We’ve built this model on the training02 set. Now, let’s see how well the model did not on testing02 set.
# predict new values
pred <- predict(modelFit, testing02)
# confusion matrix on the test data
confusionMatrix(pred, testing02$classe)
## Confusion Matrix and Statistics
##
## Reference
## Prediction A B C D E
## A 879 0 0 0 0
## B 0 625 0 0 0
## C 0 0 550 0 0
## D 0 0 0 507 0
## E 0 0 0 0 580
##
## Overall Statistics
##
## Accuracy : 1
## 95% CI : (0.9988, 1)
## No Information Rate : 0.2798
## P-Value [Acc > NIR] : < 2.2e-16
##
## Kappa : 1
## Mcnemar's Test P-Value : NA
##
## Statistics by Class:
##
## Class: A Class: B Class: C Class: D Class: E
## Sensitivity 1.0000 1.000 1.0000 1.0000 1.0000
## Specificity 1.0000 1.000 1.0000 1.0000 1.0000
## Pos Pred Value 1.0000 1.000 1.0000 1.0000 1.0000
## Neg Pred Value 1.0000 1.000 1.0000 1.0000 1.0000
## Prevalence 0.2798 0.199 0.1751 0.1614 0.1847
## Detection Rate 0.2798 0.199 0.1751 0.1614 0.1847
## Detection Prevalence 0.2798 0.199 0.1751 0.1614 0.1847
## Balanced Accuracy 1.0000 1.000 1.0000 1.0000 1.0000
This looks pretty good. Accuracy is 100% i.e. out-of-bag (OOB) error rate is 0%!

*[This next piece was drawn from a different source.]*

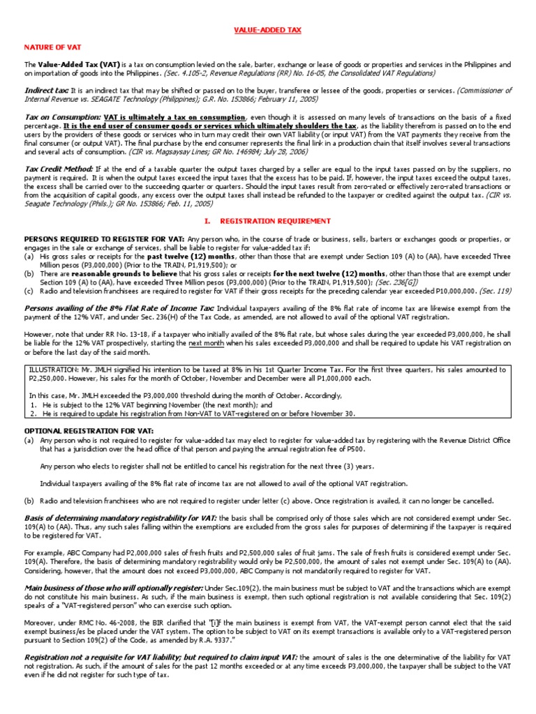 The Value-Added Tax (VAT) is a tax on consumption levied on the sale, barter, exchange or lease of goods or properties and services in the Philippines and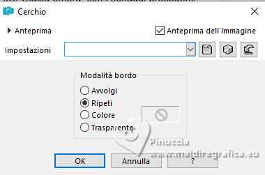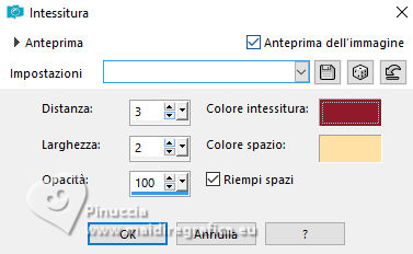 qui puoi trovare qualche risposta ai tuoi dubbi. Se l'argomento che ti interessa non è presente, ti prego di segnalarmelo. Questo tutorial è stato realizzato con PSP2019 e tradotto con PSPX9 e PSP2020, ma può essere realizzato anche con le altre versioni di PSP. Dalla versione X4, il comando Immagine>Rifletti è stato sostituito con Immagine>Capovolgi in orizzontale, e il comando Immagine>Capovolgi con Immagine>Capovolgi in verticale. Nelle versioni X5 e X6, le funzioni sono state migliorate rendendo disponibile il menu Oggetti. Con la nuova versione X7, sono tornati Rifletti>Capovolgi, ma con nuove varianti. Vedi la scheda sull'argomento qui Grazie ai creatori dei tubes che mettono a disposizione il loro lavoro in vari gruppi di condivisione. Rispetta il lavoro degli autori, non cambiare il nome del file e non cancellare il watermark. traduzione francese qui traduzione inglese qui Le vostre versioni qui![]() Occorrente: ![]() Per il tube e il materiale tratti dal kit First Snow, grazie Adrienne. (in questa pagina trovi i links ai siti dei creatori di tubes) ![]() in caso di dubbi, ricorda di consultare la mia sezione filtri qui Filters Unlimited 2.0 qui Flaming Pear - Flexify 2 qui VanDerLee - Snowflakes qui Mura's Meister - Perspective Tiling qui Simple - Top Left Mirror qui I filtri Simple si possono usare da soli o importati in Filters Unlimited (come fare vedi qui) Se un filtro fornito appare con questa icona ![]() non esitare a cambiare modalità di miscelatura e opacità secondo i colori utilizzati. Nelle ultime versioni di PSP non c'é il gradiente di primo piano/sfondo (Corel_06_029) Puoi usare i gradienti delle versioni precedenti. Trovi qui i gradienti Corel X. ![]() Apri la maschera in Psp e minimizzala con il resto del materiale. 1. Scegli dai tuoi tubes un colore chiaro e un colore scuro. ![]() Apri una nuova immagine trasparente 1000 x 650 pixels. Selezione>Seleziona tutto. Apri First Snow Paper (2) ![]() Modifica>Copia. Torna al tuo lavoro e vai a Modifica>Incolla nella selezione. Selezione>Deseleziona. Effetti>Effetti di immagine>Motivo unico, con i settaggi standard. ![]() Regola>Sfocatura>Sfocatura gaussiana - raggio 20. ![]() 2. Effetti>Plugins>Filters unlimited 2.0 - Paper Textures - Striped Paper,Fine, con i settaggi standard. ![]() Effetti>Plugins>Flaming Pear - Flexify 2. ![]() Effetti>Plugins>VanDerLee - Snowflakes. ![]() Ripeti ancora una volta il filtro, Random Seed a 100. ![]() Livelli>Duplica. Effetti>Plugins>Mura's Meister - Perspective Tiling. ![]() 3. Effetti>Effetti di riflesso>Specchio rotante. ![]() Effetti>Effetti 3D>Sfalsa ombra. ![]() Apri First Snow Element (52) ![]() Modifica>Copia. Torna al tuo lavoro e vai a Modifica>Incolla come nuovo livello. Immagine>Ridimensiona, al 110%, tutti i livelli non selezionato. Tasto K per attivare lo strumento Puntatore e imposta Posizione X: 209,00 e Posizione Y: 9,00. ![]() Effetti>Effetti 3D>Sfalsa ombra, con i settaggi precedenti. 4. Chiudi per il momento questo livello. Attiva il livello sottostante, Copia di Raster 1. Livelli>Duplica. Effetti>Effetti geometrici>Cerchio. ![]() Modifica>Ripeti Cerchio. Immagine>Capovolgi. Attiva lo strumento Bacchetta magica ![]() e clicca nella parte chiara per selezionarla. ![]() Effetti>Effetti di trama>Intessitura. colore intessitura: colore scuro colore spazio: colore chiaro ![]() 5. Selezione>Inverti. Effetti>Effetti 3D>Sfalsa ombra, con i settaggi precedenti. Selezione>Deseleziona. Riapri e attiva il livello superiore. Tasto K per attivare lo strumento Puntatore

Let’s see which variables were the most important predictors
varImp(modelFit)
## rf variable importance
##
## variables are sorted by maximum importance across the classes
## only 20 most important variables shown (out of 80)
##
## A B C D E
## raw_timestamp_part_1 84.70 100.00 95.762 84.55 50.61
## roll_belt 56.78 85.67 76.215 68.94 57.56
## pitch_forearm 33.57 48.01 67.647 50.31 40.95
## num_window 42.31 65.33 54.562 43.65 46.35
## magnet_dumbbell_z 58.64 39.55 49.873 36.95 32.59
## cvtd_timestamp30/11/2011 17:12 19.36 37.00 44.796 41.60 53.68
## yaw_belt 20.32 32.37 42.259 34.80 21.49
## cvtd_timestamp28/11/2011 14:15 15.43 25.18 26.136 22.44 36.72
## magnet_dumbbell_y 36.50 32.78 34.115 31.81 28.93
## pitch_belt 17.92 30.78 34.499 24.39 21.26
## cvtd_timestamp02/12/2011 14:58 19.42 26.72 16.135 30.54 19.52
## cvtd_timestamp05/12/2011 11:24 16.73 27.80 14.835 23.88 17.43
## cvtd_timestamp02/12/2011 13:33 23.36 21.88 26.459 24.95 25.29
## cvtd_timestamp05/12/2011 14:24 12.01 14.74 14.780 22.61 21.11
## cvtd_timestamp05/12/2011 11:25 16.17 22.55 9.316 16.70 16.17
## roll_forearm 22.34 18.12 19.380 16.26 15.69
## roll_dumbbell 16.02 19.07 21.494 19.99 16.69
## gyros_dumbbell_y 20.40 16.42 19.450 13.16 12.09
## cvtd_timestamp02/12/2011 13:35 13.68 20.29 16.588 17.75 10.80
## magnet_dumbbell_x 19.05 19.88 19.096 19.95 17.38
Finally, let’s make our predictions on the unknown testing_final02 cases.
predictions_final <- predict(modelFit,newdata=testing_final02)
predictions_final
## [1] B A B A A E D B A A B C B A E E A B B B
## Levels: A B C D E
There you have it. Those are the predictions for how the excercise was performed in 20 final test cases.